Pas de réelle légitimation des interprofessions
En ce qui concerne le rôle des interprofessions, les suggestions du groupe sont prudentes. Il est évoqué « le rôle possible » qu’elles peuvent jouer. « Il ne s’agit en aucun cas d’une légitimation de ce qu’est l’interprofession à la française », souligne un observateur. Les camps sont « partagés », avait expliqué Jean-Luc Demarty, le directeur général de l’agriculture, qui préside le GHN, lors de l’assemblée générale de la FNCL, le 29 avril. Lui-même se disait très réservé sur le rôle des interprofessions. Ce qui se vérifie dans les conclusions du groupe. Le GHN considère que ce sujet « est moins clair » que celui du regroupement des producteurs. En aucun cas les interprofessions doivent émettre une recommandation de prix. C’est une certitude.

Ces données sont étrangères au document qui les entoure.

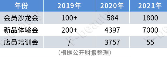 如果线上是丸美股份寻求高增长,跑马圈地的“牧场”,作为中高端品牌,线下就是丸美的“根”。财报显示,丸美在大力投入希望能突破线上渠道的同时,对线下渠道的投入也在持续增加。数据显示,从2019年到2021年,其线下沙龙会的举办场次增加了10倍,新品体验会的场次增加了35倍。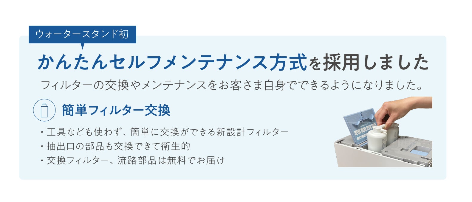 フィルターの交換やメンテナンスをお客さまご自身でできるようになりました。新しいフィルターを6か月ごとにお送りします。

Si le GHN semble positif sur le fait d’aider les producteurs à se structurer pour peser plus dans la filière, c’est parce qu’ils sont considérés comme le maillon faible de la filière. Le renforcement de cet échelon n’est pas la conséquence d’une volonté d’équité entre les acteurs de la filière, émise par la DG concurrence de la Commission européenne. L’enjeu est de permettre une « saine concurrence » entre les éleveurs, raconte un lobbyiste français. Ce qui change bien des choses.
La question de la transparence dans la chaîne d’approvisionnement en produits laitiers est traitée de manière très « soft » par le GHN. Tous les acteurs de la filière veulent de la transparence… pour les autres. Il n’y a pas de mesures significatives sur ce sujet.

Une boite à idées
Concernant les mesures de marché, le groupe sollicite l’étude d’instruments compatibles avec la boîte verte (OMC) afin de réduire la volatilité des revenus. La Commission européenne a pris conscience que, sans quota, lors de périodes de crise, l’utilisation de filets de sécurité peut s’avérer très onéreuse. Les quotas jouent le rôle de « borne haute » dans le dispositif. Sans quotas le système n’a plus de garde-fou. La situation sera celle d’avant l’instauration des quotas en 1984 mais les restitutions en moins. Le risque est alors de vivre un retour en arrière avec des stocks énormes de beurre ou de poudre. Pour Via Campesina, les propositions du groupe restent « dans le cadre truqué de l’OMC et de sa boîte verte, qui sont des instruments périmés du XXe siècle ». D’ailleurs, concernant les modalités d’actions sur le marché, le document précise que les membres du groupe ont discuté de l’opportunité de réintroduire de « vieilles mesures » afin d’aider à gérer le marché laitier… dans le futur. Faut-il réintroduire une forme de contingentement ? Ou comment faire du neuf avec du vieux.